_WORK TO COMPLETE:_ Exact transcription begins at the first line of the material below and ends with the line holding "GEOMETRIDAE, Larentiinae, Melanthiini, Horisme"; pictures are skipped.
*** DATA Section Begins ***
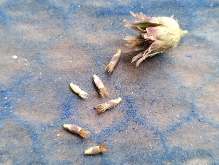 Achäne mit Pappusborsten und „Wunderlampe“ (Lycoteuthis) eine Gattung sehr kleiner Kopffüßler.
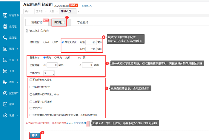2.选【PDF打印】 -- 【自定义纸张】-短边输120,长边输240,设置好后点击打印 ;
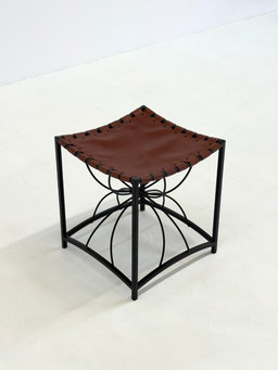 Eleganter französischer Vintage-Hocker mit schwarzem Metall und braunem Leder
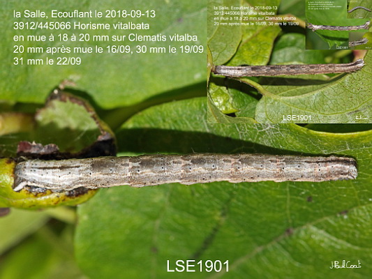 GEOMETRIDAE, Larentiinae, Melanthiini, Horisme vitalbata (D & S, 1775)_3912/445066 la Larentie de la clématite_la Salle, Ecouflant le 2018-09-13 (en mue à 18 à 20 mm sur Clematis vitalba, 20 mm après mue le 16/09, 30 mm le 19/09, 31 mm le 22/09)_Ident : JPC LSE1901
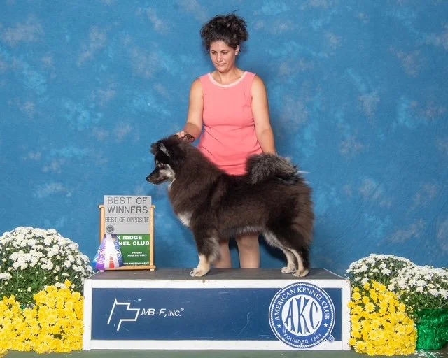 Deja is an import from Finland and she would not have been possible to be a part of my program without the collaboration of friends Melanie Curtis (Tundrai Finnish Lapphunds) and Brianna Page (Deerlane Finnish Lapphunds) in Australia. She has a super sweet dispostion, beautiful thick coat and structurally is very sound - she completed her championship rather quickly with minimal showing. Deja’s pedigree is quite unique and the opportunity to have her in the gene pool here in the US is just incredibly appreciated. Thank you to her breeder Anu Mehtala for trusting her to come here to earn her AKC Championship and complete required testing for export to Australia. Thank you Mel and Bri for allowing her to have a litter here before she heads of for new adventures in Australia!
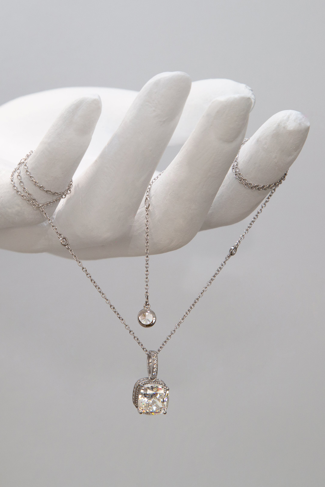 Square brilliant άχρωμο κολιέ μοϊσανίτη δεμένο σε σκελετό από ασήμι 925. GM: 4,14 Καράτια Βάρος: 3.00
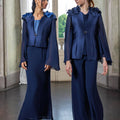 Il colore blu intenso conferisce sobrietà ed eleganza, rendendo questo completo una scelta perfetta per chi cerca uno stile ricercato ma senza eccessi.
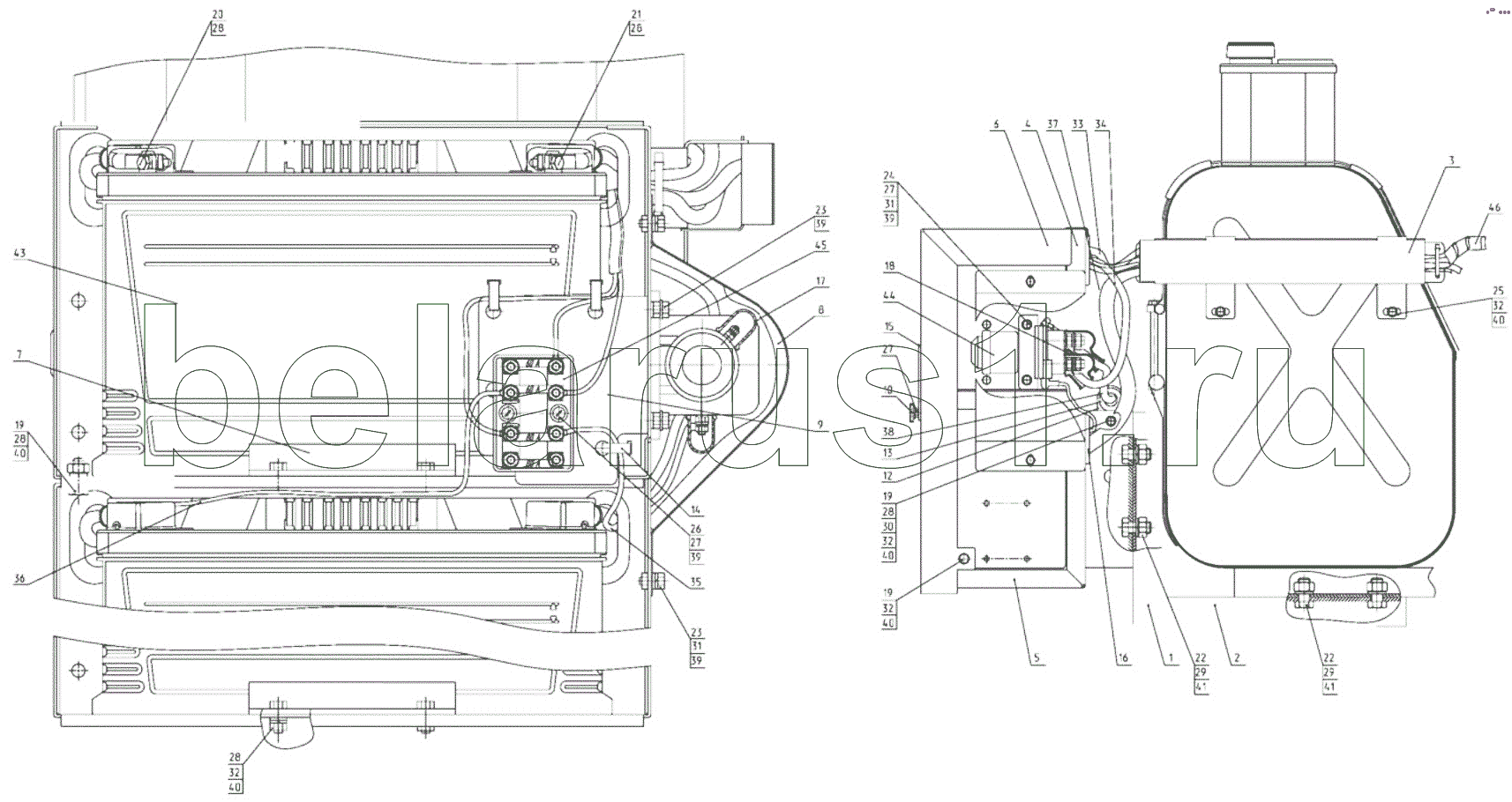 Каталог запасных частей к технике: МТЗ 1523.5. Установка батарей аккумуляторных
*** DATA Section Ends ***
_RESULT OF THIS TASK:_
 Achäne mit Pappusborsten und „Wunderlampe“ (Lycoteuthis) eine Gattung sehr kleiner Kopffüßler.
2.选【PDF打印】 -- 【自定义纸张】-短边输120,长边输240,设置好后点击打印 ;
 Eleganter französischer Vintage-Hocker mit schwarzem Metall und braunem Leder
 GEOMETRIDAE, Larentiinae, Melanthiini, Horisme vitalbata (D & S, 1775)_3912/445066 la Larentie de la clématite_la Salle, Ecouflant le 2018-09-13 (en mue à 18 à 20 mm sur Clematis vitalba, 20 mm après mue le 16/09, 30 mm le 19/09, 31 mm le 22/09)_Ident : JPC LSE1901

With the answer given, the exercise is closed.